ABOUT THIS EXERCISE >> The answer must consist of every line below that holds the word "from".

(Saved data entries)
————

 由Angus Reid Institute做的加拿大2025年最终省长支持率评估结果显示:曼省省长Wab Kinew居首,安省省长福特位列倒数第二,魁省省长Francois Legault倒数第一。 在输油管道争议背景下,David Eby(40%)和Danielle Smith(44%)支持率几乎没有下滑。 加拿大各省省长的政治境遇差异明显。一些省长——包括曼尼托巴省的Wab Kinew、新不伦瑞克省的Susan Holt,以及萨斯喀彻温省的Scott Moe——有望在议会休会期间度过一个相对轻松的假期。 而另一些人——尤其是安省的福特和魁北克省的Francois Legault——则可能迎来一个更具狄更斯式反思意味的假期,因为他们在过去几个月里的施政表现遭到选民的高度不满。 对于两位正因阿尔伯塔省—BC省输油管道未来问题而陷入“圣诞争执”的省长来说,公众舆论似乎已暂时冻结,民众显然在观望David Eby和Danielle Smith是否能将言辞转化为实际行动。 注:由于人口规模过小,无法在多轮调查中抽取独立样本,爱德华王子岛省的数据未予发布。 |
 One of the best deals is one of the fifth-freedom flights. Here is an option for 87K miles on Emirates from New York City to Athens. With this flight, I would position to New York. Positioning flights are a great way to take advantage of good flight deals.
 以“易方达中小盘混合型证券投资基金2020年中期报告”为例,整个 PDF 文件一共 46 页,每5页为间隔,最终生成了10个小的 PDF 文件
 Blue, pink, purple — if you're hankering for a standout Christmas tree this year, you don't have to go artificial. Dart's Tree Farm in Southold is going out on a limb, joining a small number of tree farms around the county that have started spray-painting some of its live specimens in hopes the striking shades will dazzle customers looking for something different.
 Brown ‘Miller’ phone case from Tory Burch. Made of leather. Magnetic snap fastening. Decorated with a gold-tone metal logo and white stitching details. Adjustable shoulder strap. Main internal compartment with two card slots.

————

WRITTEN RESPONSE >>
 One of the best deals is one of the fifth-freedom flights. Here is an option for 87K miles on Emirates from New York City to Athens. With this flight, I would position to New York. Positioning flights are a great way to take advantage of good flight deals.
 Brown ‘Miller’ phone case from Tory Burch. Made of leather. Magnetic snap fastening. Decorated with a gold-tone metal logo and white stitching details. Adjustable shoulder strap. Main internal compartment with two card slots.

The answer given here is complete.